Speaker of the Maryland House of Delegates
- In office 1841
- Preceded by: Charles Sterrett Ridgely
- Succeeded by: John Carroll LeGrand
- In office 1842
- Preceded by: John Carroll LeGrand
- Succeeded by: William H. Watson

Member of the Maryland House of Delegates
- In office 1837–1839
- In office 1841–1842
- In office 1844–1845
- In office 1849

Personal details
- Born: 1801
- Died: February 27, 1877 (aged 75–76) Burkittsville, Maryland, U.S.
- Resting place: Burkittsville Union Cemetery Burkittsville, Maryland, U.S.
- Party: Democratic

= Daniel S. Biser =

American politician (1801–1877)

Daniel S. Biser (1801 – February 27, 1877) was an American politician. He served as member of the Maryland House of Delegates from 1837 to 1839, 1841 to 1842, 1844 to 1845 and in 1849. Biser served as Speaker of the Maryland House of Delegates in 1841 and 1842.

==Early life==
Daniel S. Biser was born in 1801.

==Career==
Biser was a Democrat. He served in the Maryland House of Delegates, representing Frederick County, Maryland, from 1837 to 1839, 1841 to 1842, 1844 to 1845 and in 1849. He was the delegate from Maryland's 2nd Congressional district to the 1844 Democratic National Convention in Baltimore. In 1845, he resigned before the conclusion of his term. After his resignation, he was appointed to the Baltimore Custom House. He served as Speaker of the Maryland House of Delegates in 1841 and 1842 with John Carroll LeGrand serving between his two terms.

Biser was appointed as assistant flour inspector by Governor Lowe. In 1853, Biser was appointed as flour inspector general in Baltimore by Governor Ligon. Biser was elected to a six-year term as clerk of the Circuit Court in Frederick County in 1865, but only served until 1867. In 1867, Biser was appointed by Judge Nelson to replace J. W. L. Carty who died in office as clerk of the Circuit Court.

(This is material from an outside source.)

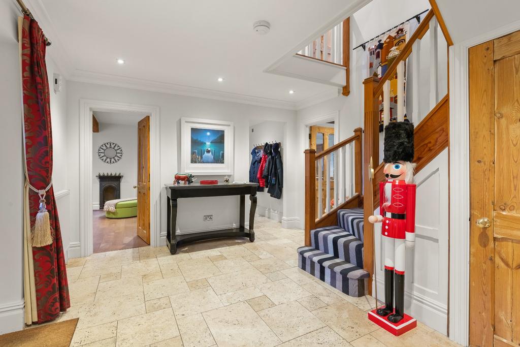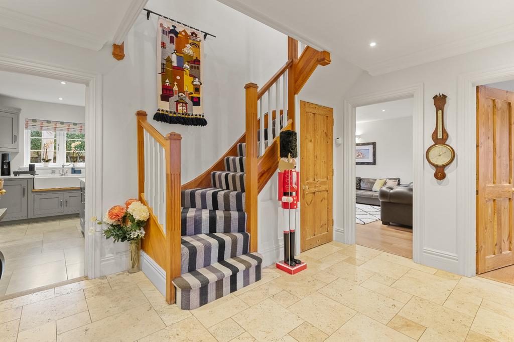 The reception hall creates an immediate sense of scale with tiled flooring, feature windows and an oak staircase rising to the galleried landing. From here the ground floor leads into a series of bright and well laid out rooms. The main sitting room offers two seating areas and an open fire with a limestone surround. To the front is a snug, ideal for day-to-day use, and a separate study for those needing a quiet workspace.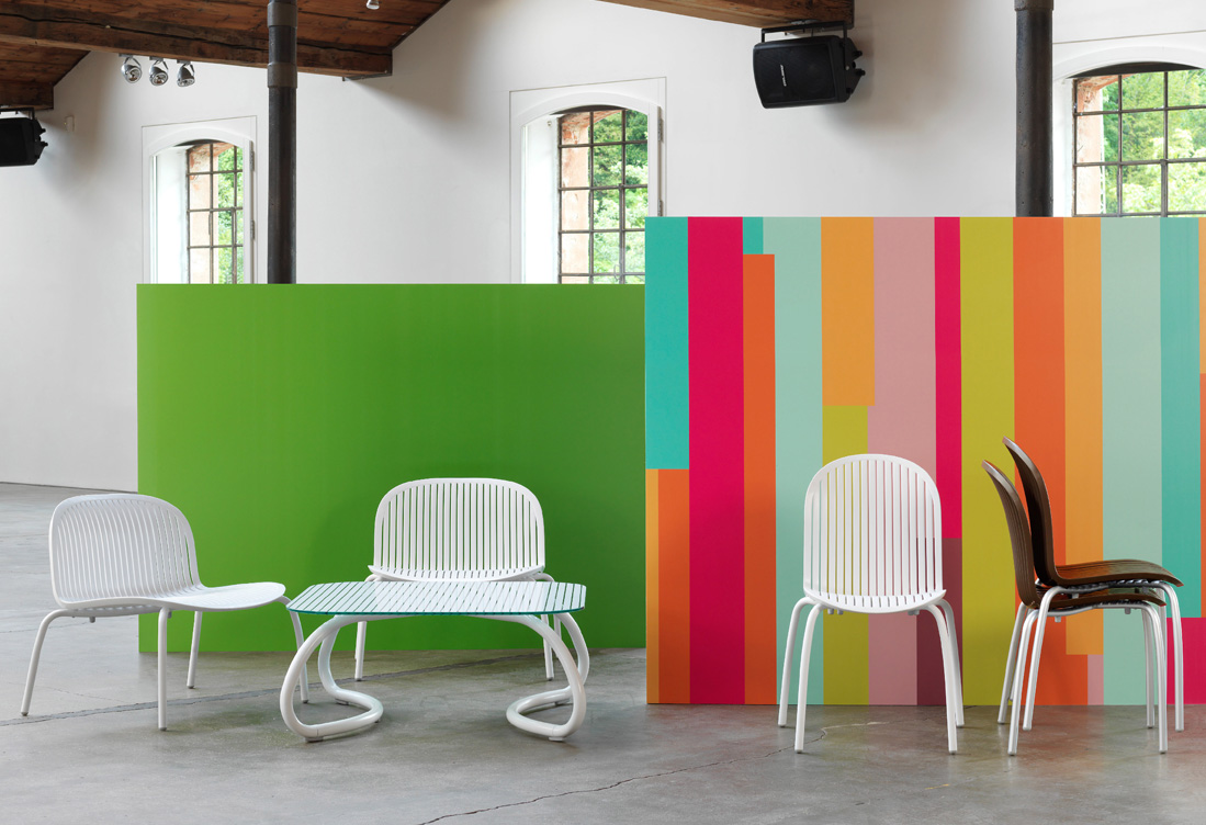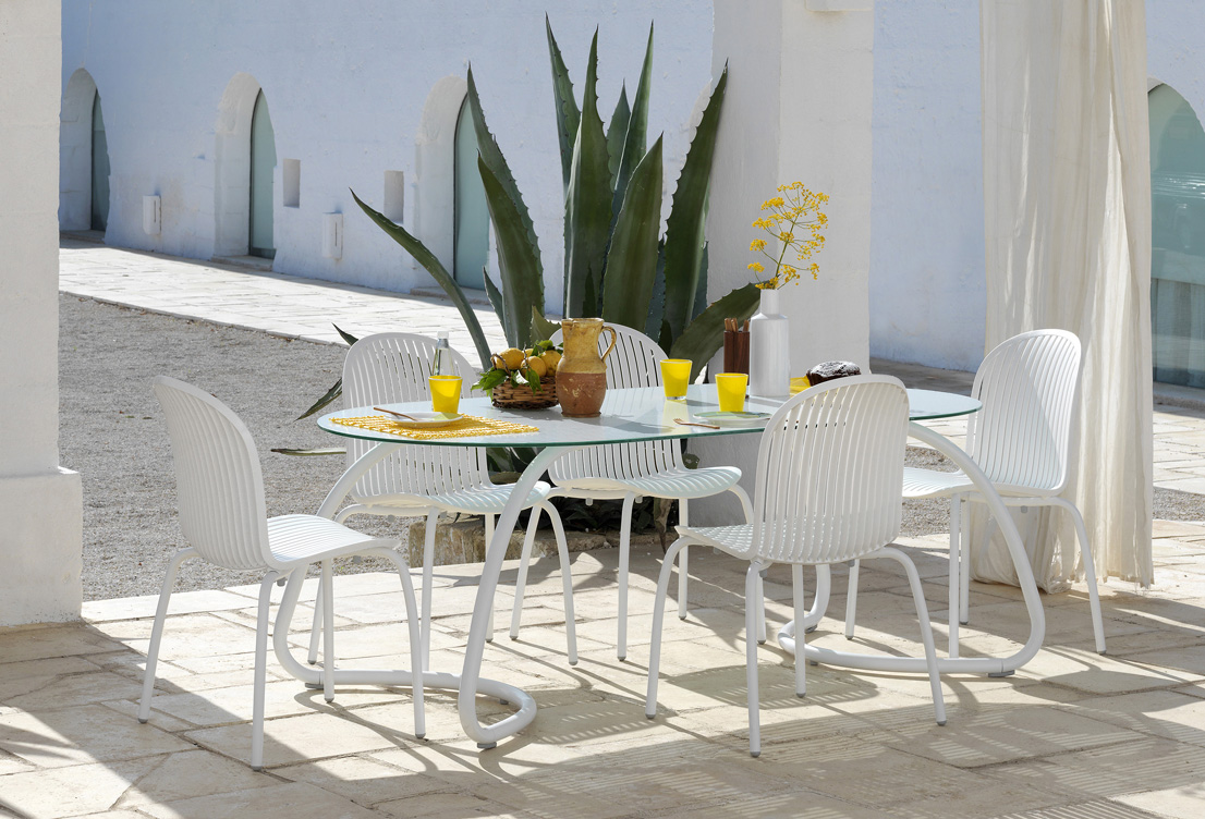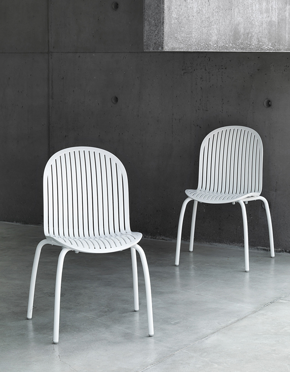Stackable chair, polypropylene shell treated anti-UV and colored in mass. The legs are in anodized or painted aluminum. Equipped with non-slip feet.

Biser served as a member of the Chesapeake and Ohio Canal board.

==Personal life==
Biser married and his wife died in 1876. In 1845, Biser lost a son after a tree fell on him. In 1864, Biser lost another son B. F. Biser, a captain in the 7th Illinois Infantry Regiment at the Battle of Old River Lake.

Biser died on February 27, 1877, at his home in Burkittsville, Maryland. He was buried at the Burkittsville Union Cemetery.